In Fraser et al. v. Canada (Public Safety and Emergency Preparedness) et al. (Fed CA, 2023) the Federal Court of Appeal considers an appeal from an unusual multi-party Access to Information Act (AIA) statutory de novo 'review' [under s.44(1)] (neither an appeal nor a JR) at the Federal Court.

In these quotes, the court makes the important point that the 'open court' principle does not apply to AIA-scheduled institutions [see para 55] (a principle which may apply to Ontario FIPPA/MFIPPA as well):
D. If the Withheld Information does contain personal information, did the Federal Court fall into palpable and overriding error in not disclosing those documents pursuant to the open court principle?

[54] The Families argued that the material in the Parole Board’s hands, including audio recordings and the documents that the Board considered in dealing with Mr. Munro’s and Mr. Bernardo’s applications for parole, should have been released pursuant to the open court principle.

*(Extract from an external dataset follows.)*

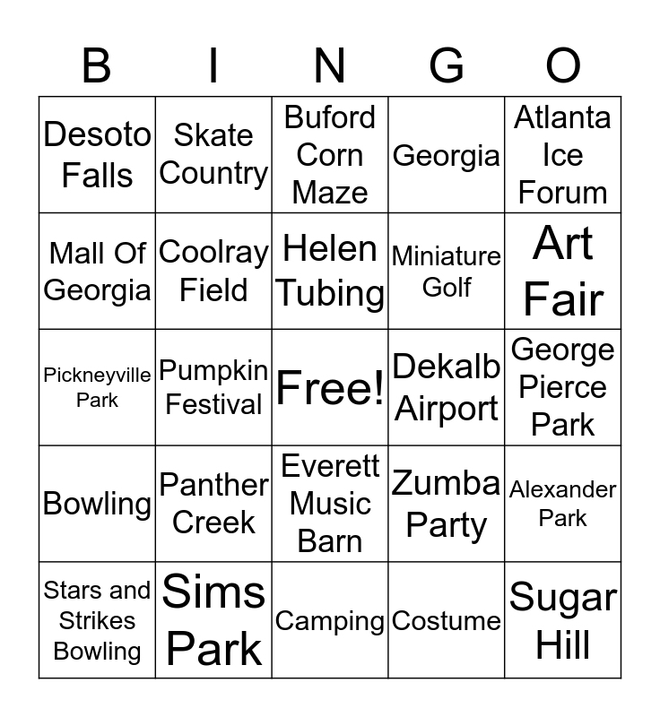 This bingo card has a free space and 24 words: Panther Creek, Sims Park, Helen Tubing, Stars and Strikes Bowling, Atlanta Ice Forum, Desoto Falls, Mall Of Georgia, Skate Country, Dekalb Airport, Everett Music Barn, Miniature Golf, Pickneyville Park, Zumba Party, Alexander Park, Coolray Field, Costume, George Pierce Park, Buford Corn Maze, Art Fair, Pumpkin Festival, Sugar Hill, Bowling, Georgia and Camping.
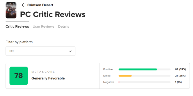19일 게임 비평 종합 웹사이트 메타크리틱에 따르면 펄어비스의 신작 '붉은사막'은 100점 만점 기준 78점의 메타스코어를 기록했다. 이는 통상 80점대 중후반에서 높으면 90점대를 기대했던 시장 전망에는 다소 못 미치는 수준으로 작품 완성도에 대한 평가가 엇갈리는 점수대로 풀이된다.

[55] The open court principle does not apply to Corrections Canada as it is a government institution listed in Schedule 1 to the AIA. Its mission is to operate correctional institutions for offenders with a view to returning them to society as law-abiding citizens. In the course of that mandate, it collects information and creates records about the persons in its charge for the purpose of managing their experience so as to achieve its ultimate mission. As the list of the records it creates and maintains set out in paragraph 45 above indicates, most if not all of that information is personal information. It is not a tribunal, let alone an adjudicative tribunal, and is therefore not subject to the open court principle.

[56] This Court dealt with the application of the open court principle to the Parole Board in Canadian Broadcasting Corporation v. Parole Board of Canada, 2023 FCA 166, [CBC] released contemporaneously with these reasons. In that decision, the Court examined the jurisprudence underlying the application of the open court principle to administrative tribunals. The Court found that the application of that principle to a tribunal based on whether it was quasi-judicial was no longer relevant. It decided instead that a better indicator of whether the open court principle applied was whether the tribunal in question was an adjudicative tribunal, that is, a tribunal that presided over adversarial proceedings in which questions of rights and obligations were decided.

[57] The Federal Court agreed with the Parole Board when it said that it was not subject to the open court principle because the proceedings before it were not adversarial but inquisitorial. The fact that the state’s interest was not represented before the Board was indicative of the absence of adversarial proceedings. In addition, the Board argued that it did not adjudicate rights but rather assessed risk.

[58] In their memorandum of fact and law, the Families write at length about the open court principle, but their submissions are unpersuasive. For example, they argue that the open court principle has equal application to all administrative tribunals, including the Parole Board, as the legitimacy of their proceedings can be effectively monitored only if their proceedings are open to the public, citing Southam Inc. v. Canada Minister of Employment and Immigration, 1987 CanLII 9001 (FC), [1987] 3 F.C. 329, 13 F.T.R. 138 (T.D.) [Southam]. Of course, Board hearings are open to the public. As for Southam, it dealt with the application of the open court principle to quasi-judicial tribunals. The Families go on to rely on Justice Morgan’s learned decision in Toronto Star Newspapers Ltd. v. Ontario (Attorney General), 2018 ONSC 2586, 142 O.R. (3d) 266, but that case concerned 13 adjudicative tribunals, all of which are designated as “institutions” in the Schedule to the Freedom of Information and Protection of Privacy Act, a designation which created the conflict between those tribunals and the freedom of information legislation.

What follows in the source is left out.